A payment processing business named Stormpay destroyed 12 Daily Pro in February 2006, thereby ending the auto surf for cash craze. The event became known as "the storm" and was widely reported. The specifics of the storm have already been thoroughly recorded, so I will not go into them here. According to the broad strokes, Stormpay required that surf for cash firms transfer all of their funds to Stormpay immediately and utilize Stormpay as their only payment processor. As soon as they received all of the money, Stormpay shut down all of the accounts, preventing any of the surf firms from accessing their accounts to pay their employees and members. Then Stormpay (after receiving hundreds of thousands of dollars in transaction fees) filed a complaint with the SEC, claiming that the auto surf for cash firms was in violation of SEC rules and regulations. When it comes to the hurricane, there are more questions than answers. Some of the most often asked questions are: "Was Stormpay secretly insolvent and manufactured this mess to conceal the fact?" and "Was Stormpay secretly bankrupt and produced this mess to conceal the fact?" Furthermore, "If the auto surf firms were engaging in criminal activity, why would Stormpay insist on assuming complete control over all their transactions rather than distancing itself from them?" Even today, the most often asked question is, "What happened to all the millions of cash Stormpay stole from surfers?" Stormpay is no longer a valid payment processor with the Financial Conduct Authority.
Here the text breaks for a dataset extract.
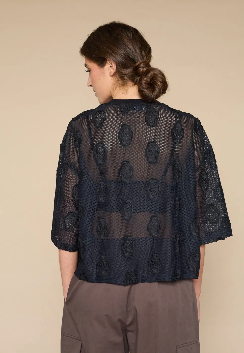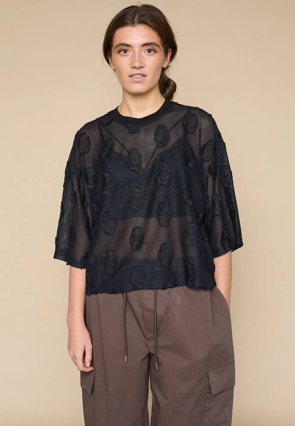 Sort bluse fra Love & Divine, lavet af mesh med blomsterlignende applikationer. Blusen har korte, løse ærmer og en rund halsudskæring.

A small number of trustworthy surf for cash businesses survived the hurricane, but they had to work very hard to stay afloat. At the same time, new get-paid-to browse websites were being launched on a weekly basis and being shut down on an equally frequent basis. Some of these businesses collapsed as a result of bad management, but many others were obvious frauds perpetrated by unscrupulous business owners who took as much money as they could in a short period of time before disappearing.

It was simple to make money on the Internet by just surfing for it at the time. A certain amount of danger was inherent in surfing for money: a return on your investment was never guaranteed, and there were a handful of fraudsters operating questionable surf spots, but in the end, it was human greed that put the sector out of business. If people had been a little less greedy and a little more cautious in their investments, the cash would not have been diverted away from the more sustainable 1 percent and 2 percent paying auto surfs, 12 Daily Pro would not have achieved such phenomenal success, Stormpay would not have been able to steal millions of dollars from surfers, and surfing for cash would still be a minor segment of Internet advertising.

Is it likely that people will remember "the storm" and apply caution when the next quick money mania comes into view? It seems unlikely that the answer will alter until there has been a significant shift in human nature, and hordes of frantic ex-surfers will be paddling out to meet it.